User-facing changes:

Dependencies:

Checklist

Additional Context

⚠️ To skip CI: Add [skip ci] to your PR title. Only use when necessary! ⚠️


avamingli avatar Nov 21 '24 07:11 avamingli

Hi! some initial review:

  1. Patch miss tab-completion for DYNAMIC feature.

When trying to modify dynamic table

reshke=# insert into td values(1, 1);
ERROR:  cannot change materialized view "td"

Maybe some better error message here? we can check for relisdynamic and provide "cannot directly change dynamic table " with some errdetail, like "DETAIL: DYNAMIC TABLE data is automatically populated from its source query."

  1. Im not sure if this a problem, but example:
reshke=# alter materialized view td rename TO tdd;
ALTER MATERIALIZED VIEW

td here is dynamic table. This all comes from fact that dynamic table relkind is 'm' (mat. view). I'm not entirely sure if this design is good. Although the implementation is undoubtedly simpler in this manner, it is at least perplexing that changing a dynamic table requires M.V. SQL syntax. Another case here:

reshke=# drop dynamic table tdd;
DROP DYNAMIC TABLE
reshke=# drop materialized view tdd ;
DROP MATERIALIZED VIEW

Both succeeds.

Maybe we should create this relation as CREATE DYNAMIC MATERIALIZED VIEW not TABLE? This should fix a lot of SQL ambiguity problems.

In any case, we should add this ALTER pattern to regression tests and have document them in some form.

I will take another look later.

reshke avatar Nov 21 '24 10:11 reshke

This all comes from fact that dynamic table relkind is 'm' (mat. view). I'm not entirely sure if this design is good. Although the implementation is undoubtedly simpler in this manner, it is at least perplexing that changing a dynamic table requires M.V. SQL syntax. Another case here:

reshke=# drop dynamic table tdd;
DROP DYNAMIC TABLE
reshke=# drop materialized view tdd ;
DROP MATERIALIZED VIEW

Both succeeds.

Yes, it's a materialized view actually.

Dynamic Table is a an auto-refreshing materialized view

Dynamic Table have all operations from Materialized Views, and it must do. They are same as GPDB's external table and foreign table, if you have a try:

create external table ext1;
drop external table ext1;
drop foreign table ext1;

Both will succeed, external table is actually a foreign table.

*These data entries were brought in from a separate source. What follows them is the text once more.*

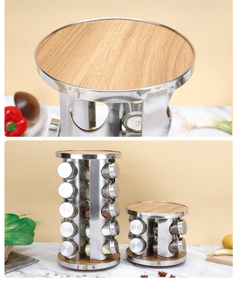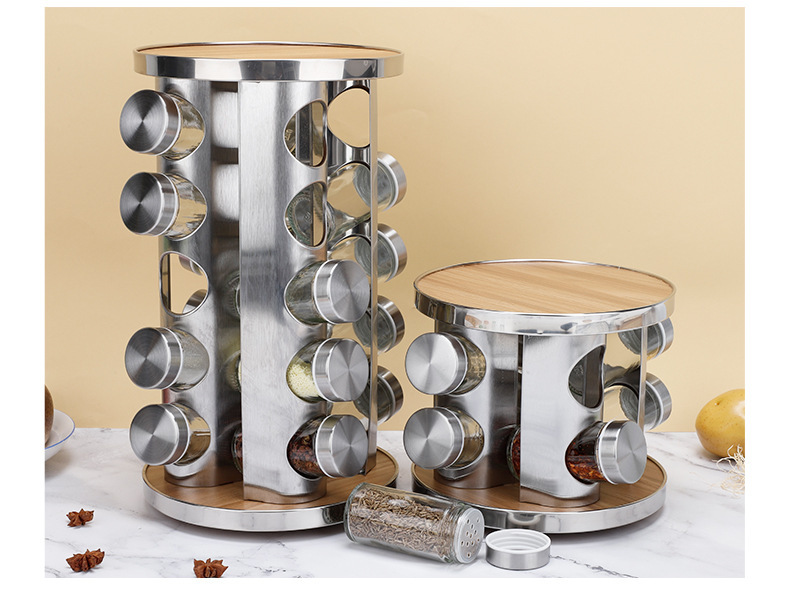 Nuevos estantes de botellas de condimento giratorias de cocina estantes de especias multifuncionales estantes de almacenamiento de cocina de acero inoxidable poroso al por mayor
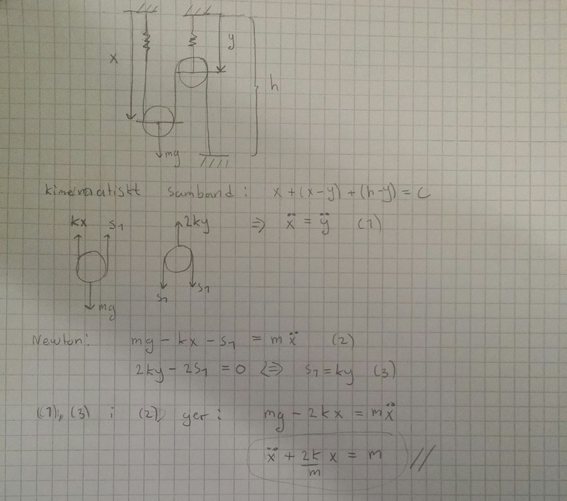 x är definierad efter första bilden som används för att ta fram det kinematiska sambandet, alltså trissans position i förhållande till "taket". Felet jag gjorde var att anta att förskjutningen av fjädern är lika med förskjutningen av trissan i ekvation (2). Jag lyckades lösa uppgiften nu. Tack för hjälpen!
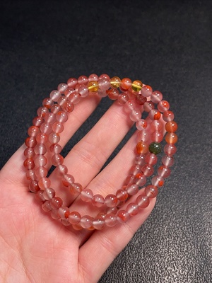 C37435979 Red Agate Bead Strand with Hetian Jade + Amber Beeswax, Visible Organic Matter, Total Weight Approx. 24.11g, Size Approx. 5.6mm
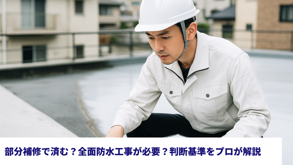 部分的な補修で対応できるケースもあれば、全面的な防水工事が必要になるケースもあります。

We provide gram sugar for that CREATE/DROP, but not all command or all message infos, if users want to use Materialized Views command, that's no problem.

Maybe we should create this relation as CREATE DYNAMIC MATERIALIZED VIEW not TABLE? This should fix a lot of SQL ambiguity problems.

We follow Snowflake, customers want to have Snowflake Dynamic Tables in CBDB, better use the same word.

Please refer to Snowflake https://docs.snowflake.com/en/user-guide/dynamic-tables-intro and our discussion #706 for more details.

avamingli avatar Nov 21 '24 10:11 avamingli

In any case, we should add this ALTER pattern to regression tests and have document them in some form.

Request for discuss: https://github.com/apache/cloudberry/discussions/706#discussioncomment-11320344

avamingli avatar Nov 21 '24 10:11 avamingli

  1. Patch miss tab-completion for DYNAMIC feature.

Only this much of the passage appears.